When my portfolio grew beyond a single Next.js app — adding a backend API for project data, a chatbot service, and shared utilities — managing separate repositories became painful. Every change that touched shared types required coordinating deploys across repos.

I chose Turborepo with pnpm workspaces for three reasons:

  1. Incremental builds — Turbo caches build outputs and only rebuilds what changed
  2. Shared configuration — ESLint, TypeScript, and Prettier configs live in one place
  3. Atomic changes — A single PR can update the API contract and the frontend consumer

The Structure

The monorepo splits into two main packages:

  • packages/frontend — Next.js 14 with Chakra UI, Three.js for 3D elements, and Framer Motion
  • packages/backend — Express API serving project data, connected to MongoDB

Shared TypeScript interfaces live in the root and are referenced by both packages.

Deployment Strategy

Each package deploys independently:

  • Frontend → Vercel (automatic deploys on push to main)
  • Backend → Railway (Dockerfile-based, auto-scales)

The key insight was configuring Vercel's root directory to packages/frontend and letting Turbo handle the build graph.
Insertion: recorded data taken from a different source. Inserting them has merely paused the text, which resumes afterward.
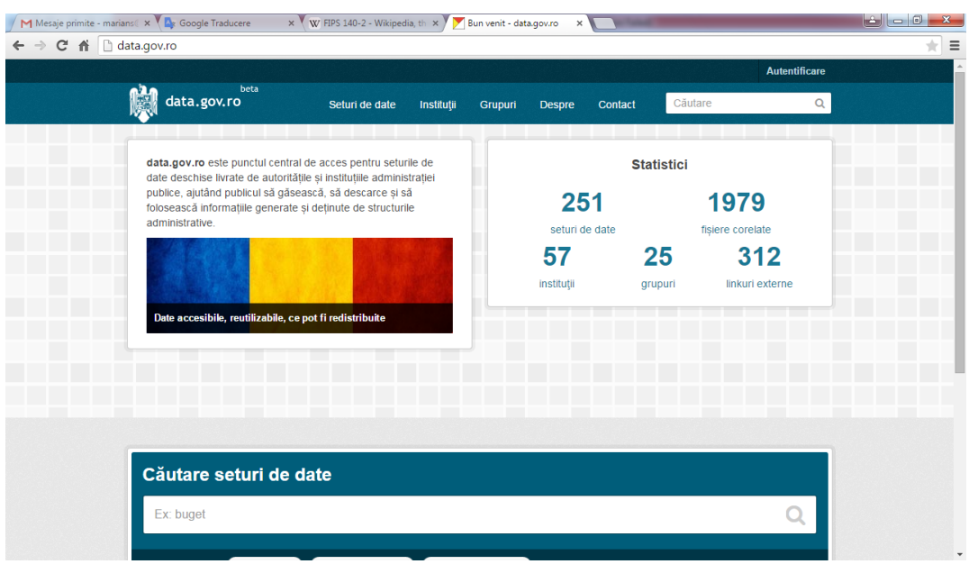
Fig. 4. Open Data portal of Romania government

The equivalent of this British initiative in Romania is <a href="http://data.gov.ro">http://data.gov.ro</a> (still in beta version for now – see Figure 4), that follows a similar model. Through the 2013-2016 Government Program, with the support of Department of design and Online Service, citizens are empowered to "identify, download and use data sets the are public or owned by public administration" [4].
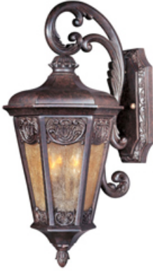
40173NSCU Lexington VX 2-Light Outdoor Wall Lantern
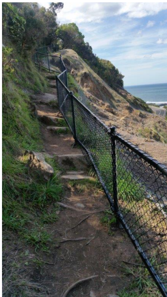
A new safety fence on Tramway Track, west of Lorne

As part of a rock-fall netting project, geo-technical experts installed about 40 metres of steel hand railing on the path edge at the crest of a hill above the Great Ocean Road.
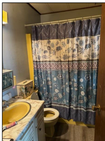
Central Bath 7'9" 4'10"
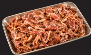
Ribeye Beef Bulgogi

One pnpm turbo build --filter=frontend command resolves all internal dependencies before bundling.

Lessons Learned

The biggest surprise was dependency hoisting. pnpm's strict node_modules structure caught several packages that relied on phantom dependencies — packages that worked in flat node_modules but broke under pnpm's isolated structure. Fixing these early saved debugging time later.